Records supplied: Begin

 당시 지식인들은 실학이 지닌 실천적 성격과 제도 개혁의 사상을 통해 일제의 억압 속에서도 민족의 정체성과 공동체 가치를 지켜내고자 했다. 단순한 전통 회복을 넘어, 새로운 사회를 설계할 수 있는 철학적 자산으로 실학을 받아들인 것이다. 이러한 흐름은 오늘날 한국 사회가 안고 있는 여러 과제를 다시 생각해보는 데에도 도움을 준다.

Records supplied: End
Records supplied: Begin

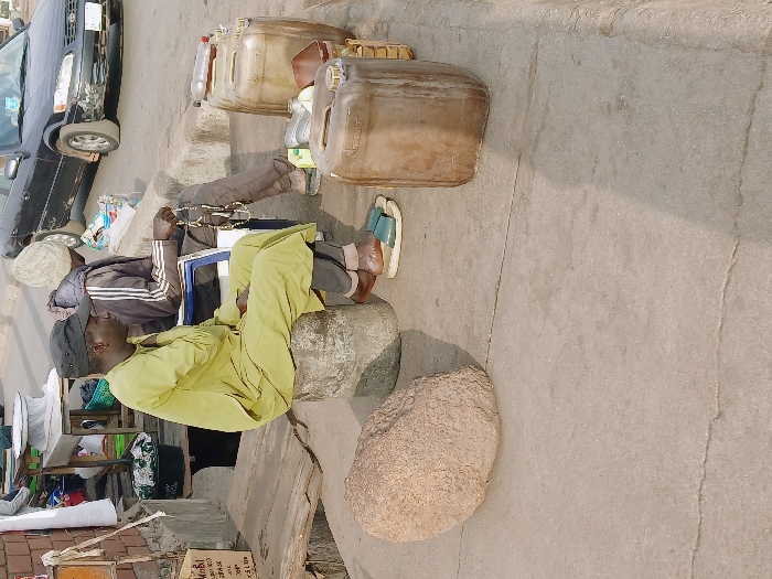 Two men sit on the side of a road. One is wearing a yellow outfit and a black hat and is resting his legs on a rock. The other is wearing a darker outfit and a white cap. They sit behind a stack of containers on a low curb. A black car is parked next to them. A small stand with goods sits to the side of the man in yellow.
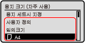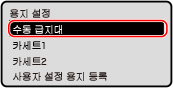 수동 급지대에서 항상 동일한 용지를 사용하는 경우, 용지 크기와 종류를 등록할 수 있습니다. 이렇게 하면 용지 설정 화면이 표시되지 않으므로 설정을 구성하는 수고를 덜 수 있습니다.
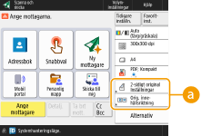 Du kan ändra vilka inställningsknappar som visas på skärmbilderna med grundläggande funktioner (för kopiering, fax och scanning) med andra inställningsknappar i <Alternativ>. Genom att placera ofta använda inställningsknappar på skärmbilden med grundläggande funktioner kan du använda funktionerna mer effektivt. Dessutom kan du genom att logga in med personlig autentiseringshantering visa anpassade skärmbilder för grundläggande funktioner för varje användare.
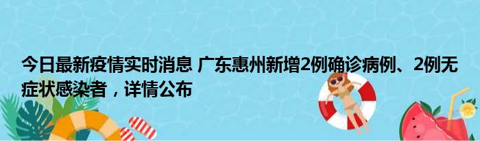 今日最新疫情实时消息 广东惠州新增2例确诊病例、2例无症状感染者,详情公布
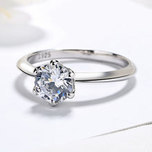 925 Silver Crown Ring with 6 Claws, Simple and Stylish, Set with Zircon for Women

Records supplied: End

» **Exercise**: Give again the stretch of lines above from the one with "Two men sit" through the one with "수동 급지대에서 항상", both ends kept, and copy no pictures.

» **Answer to the exercise**:
 Two men sit on the side of a road. One is wearing a yellow outfit and a black hat and is resting his legs on a rock. The other is wearing a darker outfit and a white cap. They sit behind a stack of containers on a low curb. A black car is parked next to them. A small stand with goods sits to the side of the man in yellow.
 수동 급지대에서 항상 동일한 용지를 사용하는 경우, 용지 크기와 종류를 등록할 수 있습니다. 이렇게 하면 용지 설정 화면이 표시되지 않으므로 설정을 구성하는 수고를 덜 수 있습니다.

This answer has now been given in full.